According to DHHS, an anticipated increase in the number of people needing services never materialized. But the current caseload is similar to past years, and even without new people added, the budget should have been spent to assure seniors get the care they need.

Ask any case manager who helps arrange services or a home care agency that provides nursing care: The level and amount of services that the state approves for CFI clients have diminished to the point where one really wonders if we are truly meeting the needs of our elders. Rather than allow a nurse to visit once a week to check on a client with a painful chronic condition, approval is granted for visits twice a month, or a home health aide who visited twice a week to help someone shower is now authorized to visit just once a week. Imagine how that feels to a person with debilitating pain and who cannot bathe themselves.

There is another way that DHHS has racked up a surplus in the CFI program. The agency has failed to follow RSA 126-A:18-a, a law that was passed in 1997 that requires that Medicaid rates for home care agencies “consider the factors of economy, efficiency, quality of care and access to care” and that those rates be updated annually. It took 11 years and a lawsuit from home care agencies to force DHHS to comply with the law, and even then, the only time it implemented a formal rate adjustment was in 2009. Since then, DHHS has continued to ignore the law. Payments to CFI providers have remained unchanged and are far below what it costs to provide care.

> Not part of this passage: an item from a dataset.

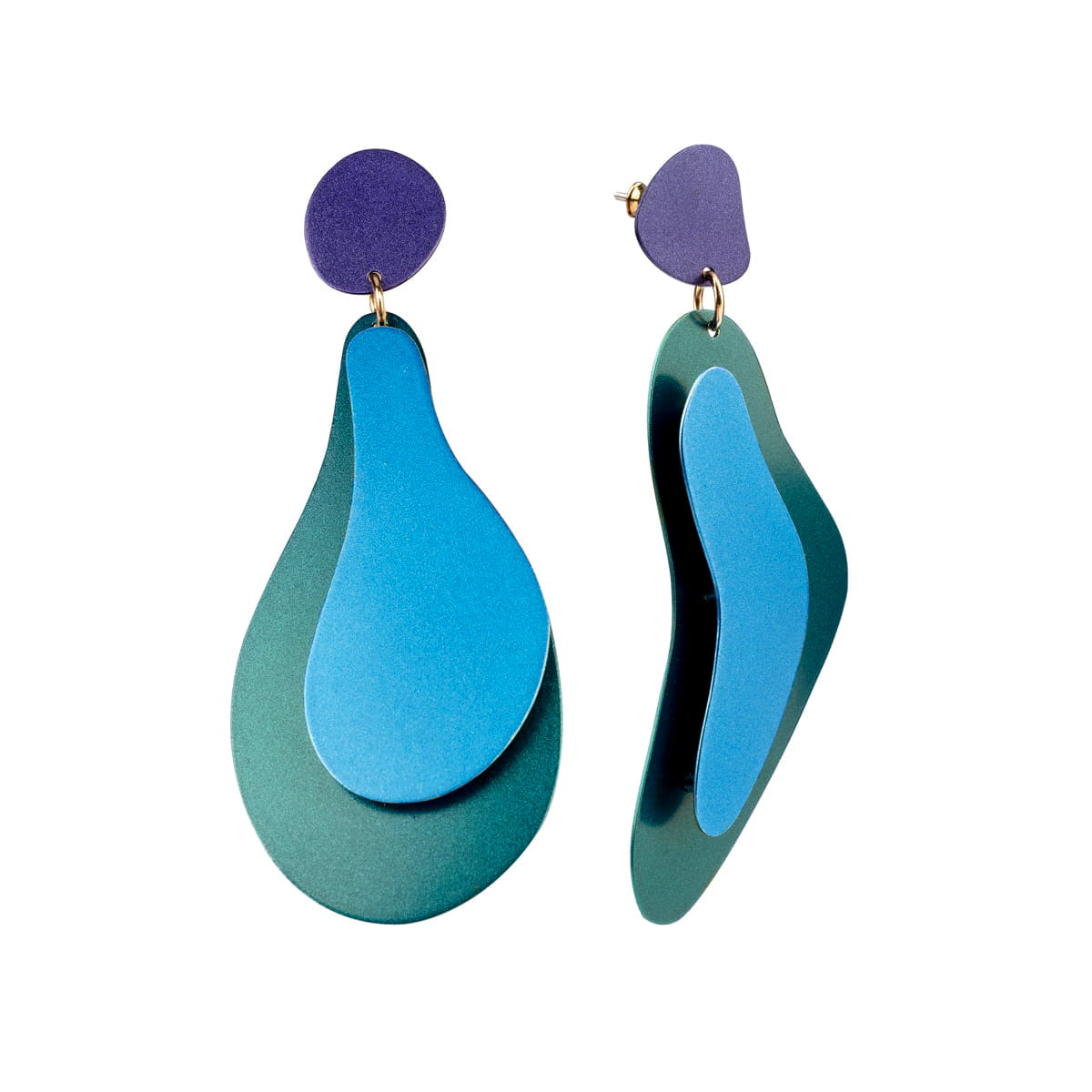 The earrings were handmade of brass, and then hand-painted in the ORSKA studio in intense colors with a pearly glow. The design resembles spots of paint flowing down the canvas of an abstract painting. The earrings consist of irregular shapes combined into a three-dimensional, movable, and light whole. The colors were chosen on purpose - purple, green, and blue created a cool yet energetic composition. They will be a perfect gift for art enthusiasts and bold women who like to play with fashion. The colorful jewelry will brighten up casual stylizations and add a hint of color to your outfit, which will have a positive effect on your well-being.

Many community agencies that participate in CFI have been forced to cut back on the number of clients they serve, reduce pay to their care staff, or drop out of CFI altogether. The House version of SB 8 would give CFI providers a one-time, retroactive 2 percent rate increase that would expire June 30. While it is appreciated by providers, it’s a token gesture given that DHHS should have been updating payment rates each year. Low CFI reimbursement has shredded the community safety net. Who will serve our seniors if community agencies cannot?

Rather than use unexpended funds to fill a budget hole, the Legislature should adopt the Senate version of SB 8. This would require all the unused CFI funds to go to CFI providers. This would not be simply a kind gesture – it would follow the law.

The reason the House and governor restored payments to nursing homes is because there is a state law that requires any nursing home budget surplus be used to pay nursing homes. It’s time for DHHS to follow the home health law and bring payments up to 2015 levels. This would restore the safety net to some semblance of stability. Going forward, funds should also be used to assure that seniors at home receive the services they truly need, rather than skimping on baths and forcing them to forgo care.

Mahatma Gandhi once said “a nation’s greatness is measured by how it treats its weakest members.” New Hampshire made a commitment to provide low-income, medically fragile seniors with the Medicaid long-term care services they need. Balancing the state budget with their funds is not a constructive way to honor this commitment. We need to treat our seniors better than this.

(Gina Balkus is the CEO of the nonprofit Granite State Home Health Association, which advocates for home health agencies and the patients they serve.)